L'équité procédurale exige également que les décisions soient rendues par un décideur impartial, sans crainte raisonnable de partialité. Cette obligation s'applique à tous les agents d'immigration qui jouent un rôle significatif dans la prise de décision. Parce qu'elles visent nécessairement des personnes de provenances diverses, issues de cultures, de races et de continents différents, les décisions en matière d'immigration exigent de ceux qui les rendent sensibilité et compréhension. Elles exigent la reconnaissance de la diversité, la compréhension des autres et l'ouverture d'esprit à la différence...

 

[32]           M. Garande peut commettre une erreur non substantielle en écrivant sous pression, selon les explications qu’il a données, concernant la distinction entre une organisation et un Parti Politique.
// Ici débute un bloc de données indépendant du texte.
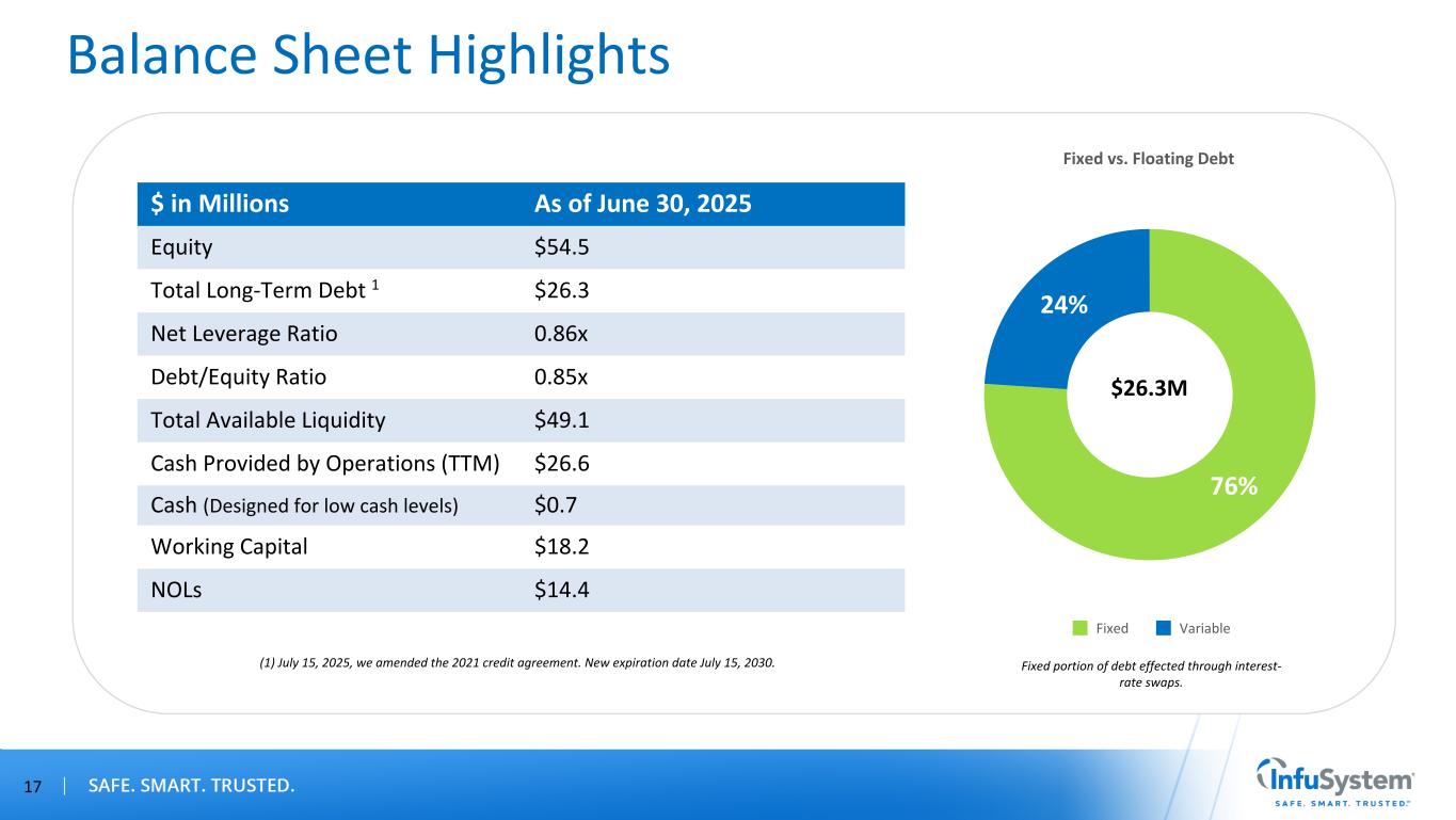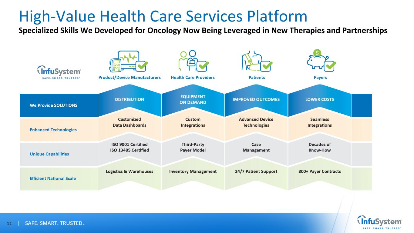 Forward-Looking Statements / Non-GAAP Measures Forward-Looking Statements Certain statements contained in this presentation are forward-looking statements within the meaning of Section 27A of the Securities Act of 1933, as amended, and Section 21E of the Securities Exchange Act of 1934, as amended, such as statements relating to future actions, our share repurchase program and capital allocation strategy, business plans, strategic partnerships, growth initiatives, objectives and prospects, future operating or financial performance, guidance and expected new business relationships and the terms thereof (including estimated potential revenue under new or existing contracts). The words “believe,” “may,” “will,” “estimate,” “continue,” “anticipate,” “intend,” “should,” “plan,” "goal," “expect,” “strategy,” “future,” “likely,” variations of such words, and other similar expressions, as they relate to the Company, are intended to identify forward-looking statements. Forward-looking statements are subject to factors, risks and uncertainties that could cause actual results to differ materially, including, but not limited to, our ability to successfully execute on our growth initiatives and strategic partnerships, our ability to enter into definitive agreements for the new business relationships on expected terms or at all, our ability to generate estimated potential revenue amounts under new or existing contracts, our dependence on estimates of collectible revenue, potential litigation, changes in third-party reimbursement processes, changes in law, global financial conditions and recessionary risks, rising inflation and interest rates, supply chain disruptions, systemic pressures in the banking sector, including disruptions to credit markets, the Company's ability to remediate its previously disclosed material weakness in internal control over financial reporting, contributions from acquired businesses or new business lines, products or services and other risk factors disclosed in the Company’s most recent annual report on Form 10-K and, to the extent applicable, quarterly reports on Form 10-Q. Our strategic partnerships are subject to similar factors, risks and uncertainties. All forward-looking statements made in this presentation speak only as of the date hereof. InfuSystem does not undertake any obligation to update any forward-looking statements to reflect future events or circumstances, except as required by law. Non-GAAP Measures This presentation contains information prepared in conformity with GAAP as well as non-GAAP financial information. The Company believes that the non-GAAP financial measures presented in this presentation provide useful information to the Company’s management, investors and other interested parties about the Company’s operating performance because they allow them to understand and compare the Company’s operating results during the current periods to the prior year periods in a more consistent manner. This non-GAAP information should be considered by the reader in addition to, but not instead of, the financial statements prepared in accordance with GAAP, and similarly titled non-GAAP measures may be calculated differently by other companies. The Company calculates those non-GAAP measures by adjusting for nonrecurring or non-core items that are not part of the normal course of business and that the Company’s management does not believe will have similar comparable year-over-year items. A reconciliation of those measures to the most directly comparable GAAP measures is provided in Appendix A of this presentation. 2

Une erreur mineure est devenue une question de crédibilité majeure au niveau de la logique inhérente du cas.

 

[33]           Pour être réfugié au sens de la Convention, le standard requis est la preuve sur la balance des probabilités, mais pas à plus de 50%. Or, la manière dont la preuve a été appréciée, il est clair qu’il était à la recherche d’une preuve au-delà de tout doute raisonnable. Les circonstances personnelles de M. Garande ont été démontrées pour évaluation selon le contexte de son pays.

 

[34]           Dans l’arrêt Adjei c. Canda (Ministre de l’Emploi et de l’Immigration), [1989] 2 C.F. 680, [1989] A.C.F. no 67 (QL), le juge Mark R. MacGuigan affirme que :

[98]      Les expressions telles que « [craint] avec raison » et « possibilité raisonnable » signifient d'une part qu'il n'y a pas à y avoir une possibilité supérieure à 50 % (c'est-à-dire une probabilité), et d'autre part, qu'il doit exister davantage qu'une possibilité minime. Nous croyons qu'on pourrait aussi parler de possibilité « raisonnable » ou même de « possibilité sérieuse, par opposition à une simple possibilité.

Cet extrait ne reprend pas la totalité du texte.